Theoretical Perspectives on Gender and Development
Title | Theoretical Perspectives on Gender and Development PDF eBook |
Author | Jane L. Parpart |
Publisher | IDRC |
Pages | 232 |
Release | 2000 |
Genre | Feminism |
ISBN | 0889369100 |
Theoretical Perspectives on Gender and Development demytsifies the theory of gender and development and shows how it plays an important role in everyday life. It explores the evolution of gender and development theory, introduces competing theoretical frameworks, and examines new and emerging debates. The focus is on the implications of theory for policy and practice, and the need to theorize gender and development to create a more egalitarian society. This book is intended for classroom and workshop use in the fields ofdevelopment studies, development theory, gender and development, and women's studies. Its clear and straightforward prose will be appreciated by undergraduate and seasoned professional, alike. Classroom exercises, study questions, activities, and case studies are included. It is designed for use in both formal and nonformal educational settings.

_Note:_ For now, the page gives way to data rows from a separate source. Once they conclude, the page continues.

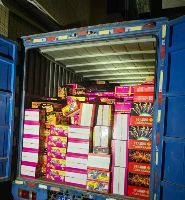 1月21日晚,花都警方在日常巡查中发现,秀全街道乐同村某地有货车正在违规装卸烟花爆竹。民警立即上前处置,当场控制周某、谭某、刘某三名嫌疑人,并顺藤摸瓜找到其背后的非法储存烟花爆竹窝点。经现场清点,共查获各类烟花1146件、爆竹527件、4寸礼花弹396发,涉案物品总重量达10.95吨。目前,周某、谭某、刘某均已被警方依法处理。
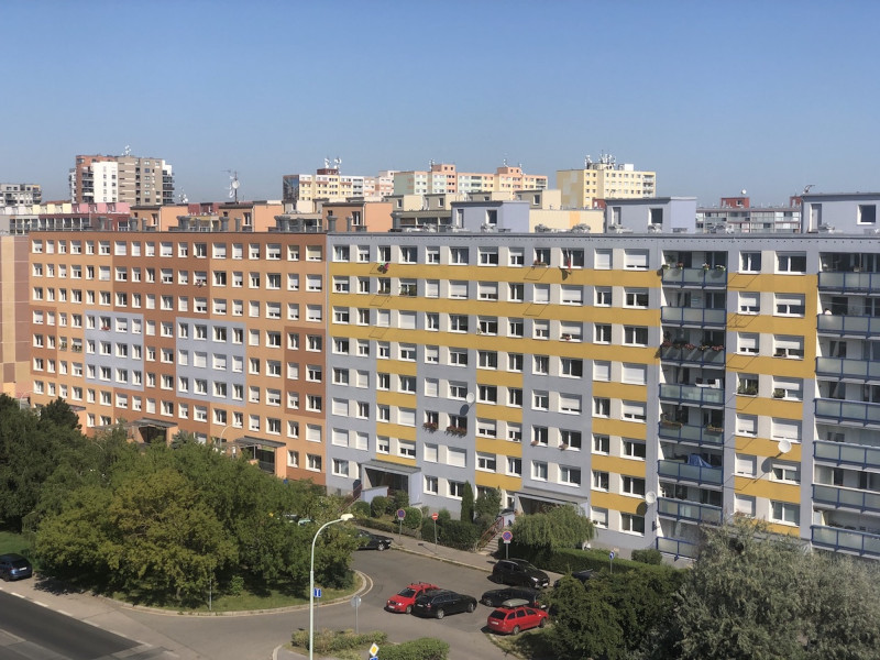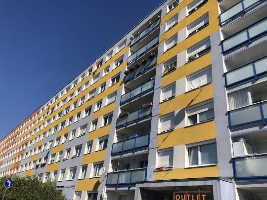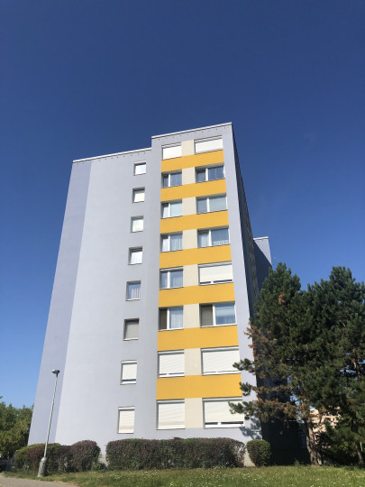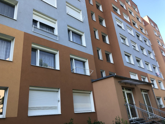Bytový panelový dům nacházející se v blízkosti komunikace. Polovina oken je orientována na jižní stranu a směrem ke komunikaci.
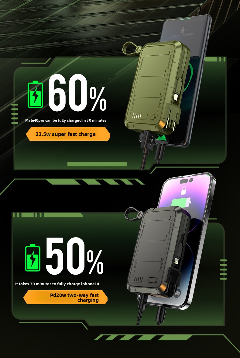 Hyper-Fast 22.5W Charging: Power up at lightning speed. Our advanced technology delivers up to 22.5W output, getting you back to 100% faster than standard power banks. Ideal for quick top-ups between classes, games, or meetings.
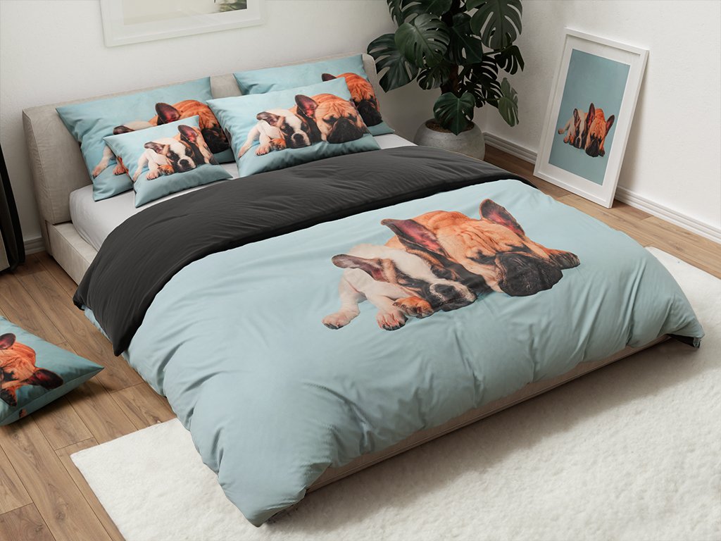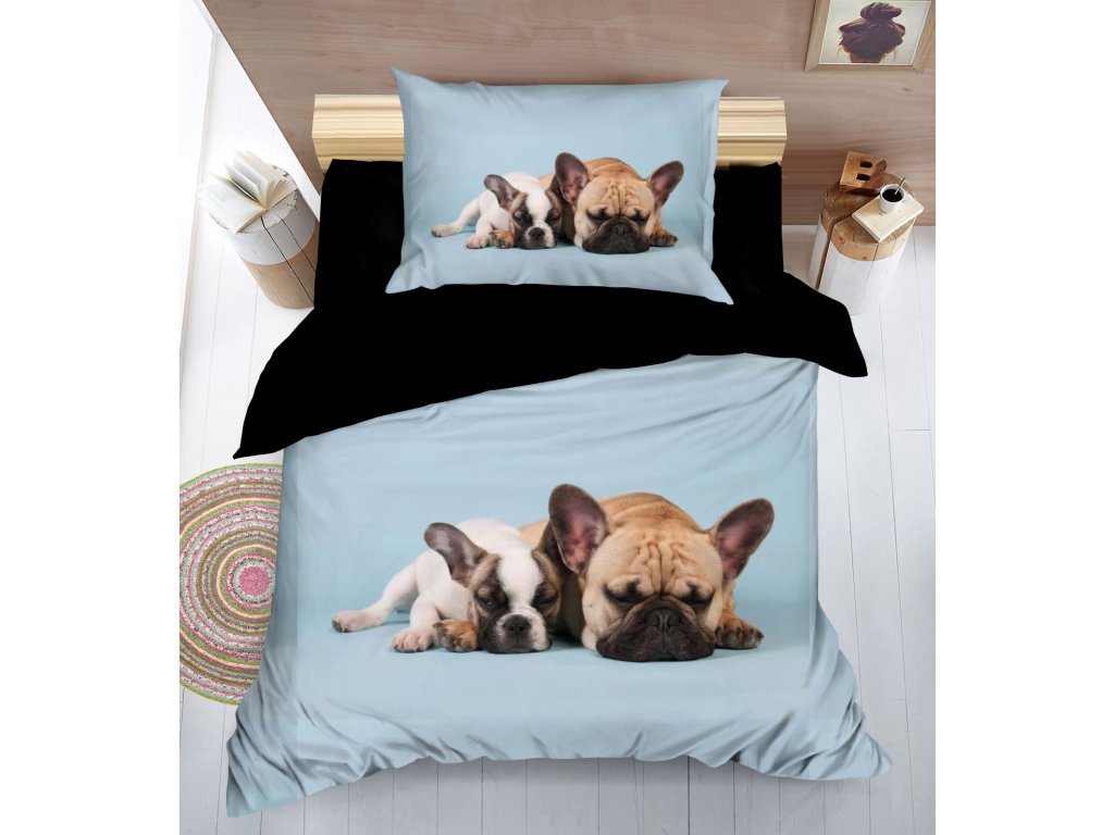 3D posteljnina BULDOG iz mikrovlaken, modra
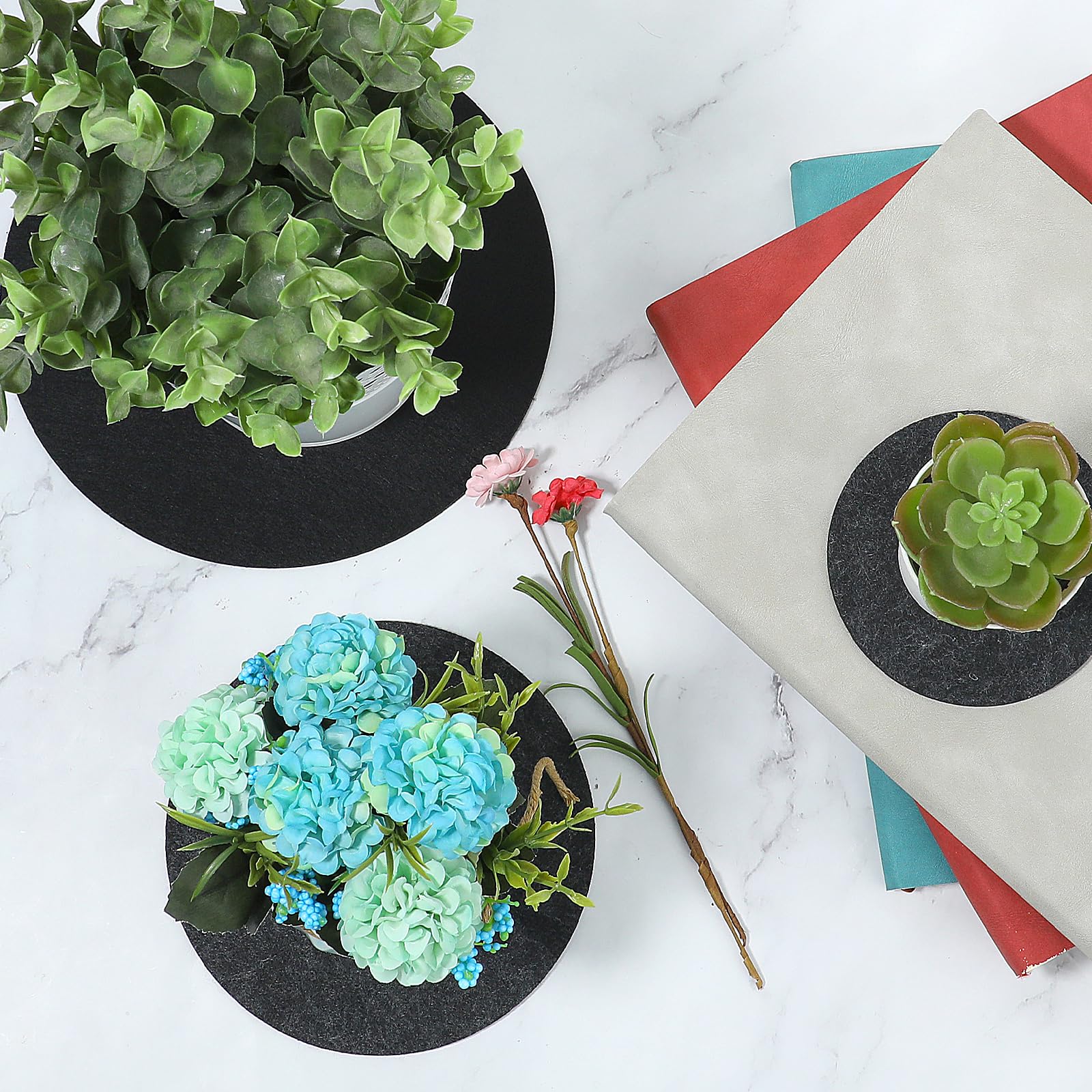 L'emballage léger (60 g net et poids brut) le rend pratique pour l'expédition ou le transport, tandis que le design compact minimise les déchets. Lot De 6 Sous-verres Ronds En Feutre Pour Intérieur - Réversibles, Absorbants Et Imperméables - Pour Pots De Fleurs - 3 Tailles - Fournitures De Bricolage (10,2 Cm, 15,2 Cm, 20,3 Cm Contenu : Lot de 3 dessous de verre de chaque grand, moyen et petit noir, 6 par paquet Caractéristiques : Catégorie : bac à plantes., Couleur : noir., Matériau : feutre., Fonction : accessoire. Protégez votre table, buffet, étagères ou autres surfaces sensibles des rayures, des taches et des dommages causés par la chaleur et placez vos verres, bouteilles, vases, bougeoirs, pots et bien plus encore sur nos sous-verres de haute qualité en feutre polyester très agréable et fin Son design discret garantit qu'il complète différents styles sans surcharger l'esthétique générale. Il peut protéger les surfaces contre les dommages causés par l'eau, ajouter une touche décorative aux arrangements végétaux, ou même être utilisé comme dessous de verre. Lot de 6 Dessous de Verre Ronds et Sculptés – Artisanat et Charme – Le... Le tapis de plantes en feutre pour plantes d'intérieur est léger et respectueux de l'environnement, assurant qu'il se fond parfaitement dans n'importe quel environnement tout en conservant un look pratique et moderne. Dimensions de l'emballage : 21 × 20 × 1,3 cm. DAJAVE Lot de 32 dessous de verre ronds réversibles en feutre pour Méthode d'emballage : sac., Poids net : 60 g., Poids brut : 60 g. Le design des dessous de verre en liège garantit qu'il ne prend pas beaucoup de place, ce qui le rend idéal pour les petites zones ou dans le cadre d'un affichage en couches. Ces dessous de verre pour plantes d'intérieur sont disponibles en trois tailles : grand (7,83 × 0,3 cm), moyen (5,87 × 0,3 cm) et petit (3,9 × 0,3 cm). Le dessous de verre simple mais fonctionnel en fait un ajout pratique à n'importe quel espace, que ce soit pour les plantes d'intérieur ou dans le cadre d'une table. Chaque paquet comprend trois grands, trois moyens et trois petits plateaux, soit un total de six plateaux par sac.
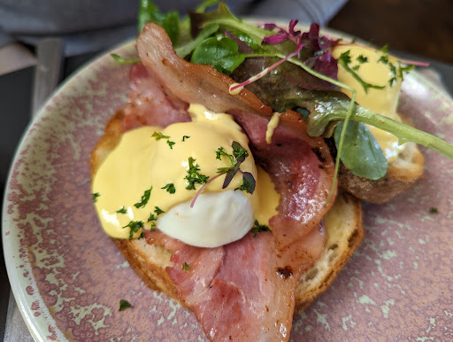 Read moreWe went here for breakfast. The decor is nice and light with a rustic feel. The food was what I would call "rustic posh" 😆 There's no full English option, but the food we had was delicious. I had the Breakfast Stack, which was sausage patties, bacon and an egg sitting on top of rosemary potatoes. I would have loved the potatoes to be crispy but they were new potatoes and still tasty in their own right. It was a really lovely brunch. My wife had the Eggs Benedict and she thought the hollandaise was some of her favourite ever 😋. We had a latte each and the coffee was some of the best available in my opinion - really good. We got an almond croissant (huge!) and slice of cake (more modestly sized but a decent slice) to go. Overall we were very impressed and will no doubt...
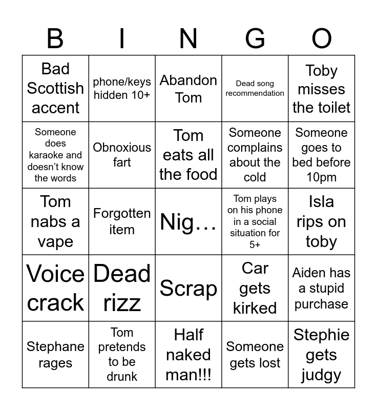 This bingo card has a free space and 24 words: Stephane rages, Dead rizz, Tom eats all the food, Someone gets lost, Toby misses the toilet, Bad Scottish accent, phone/keys hidden 10+, Abandon Tom, Tom plays on his phone in a social situation for 5+, Isla rips on toby, Tom nabs a vape, Obnoxious fart, Car gets kirked, Aiden has a stupid purchase, Someone does karaoke and doesn’t know the words, Tom pretends to be drunk, Half naked man!!!, Dead song recommendation, Someone goes to bed before 10pm, Voice crack, Forgotten item, Scrap, Someone complains about the cold and Stephie gets judgy.
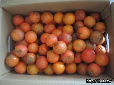 不灑農藥甜滋滋-外皮看似被火燒傷一般稱之為火燒柑.因陽光直射而失去原有美麗的橘黃外表果皮.但當它成熟時內在的甜度及風味依舊.
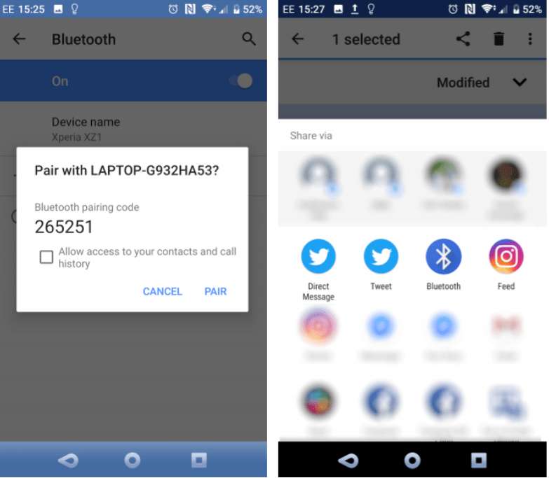 Mientras tanto, utiliza tu navegador de archivos Android o la aplicación Gallery para seleccionar el archivo que deseas transferir. Utiliza el botón Compartir y selecciona Bluetooth para compartir los datos y, a continuación, selecciona tu ordenador en la lista siguiente.

Feminist Visions and Queer Futures in Postcolonial Drama
Title | Feminist Visions and Queer Futures in Postcolonial Drama PDF eBook |
Author | Kanika Batra |
Publisher | Routledge |
Pages | 383 |
Release | 2011-04-13 |
Genre | Literary Criticism |
ISBN | 1136887539 |
In this timely study, Batra examines contemporary drama from India, Jamaica, and Nigeria in conjunction with feminist and incipient queer movements in these countries. Postcolonial drama, Batra contends, furthers the struggle for gender justice in both these movements by contesting the idea of the heterosexual, middle class, wage-earning male as the model citizen and by suggesting alternative conceptions of citizenship premised on working-class sexual identities. Further, Batra considers the possibility of Indian, Jamaican, and Nigerian drama generating a discourse on a rights-bearing conception of citizenship that derives from representations of non-biological, non-generational forms of kinship. Her study is one of the first to examine the ways in which postcolonial dramatists are creating the possibility of a dialogue between cultural activism, women’s movements, and an emerging discourse on queer sexualities.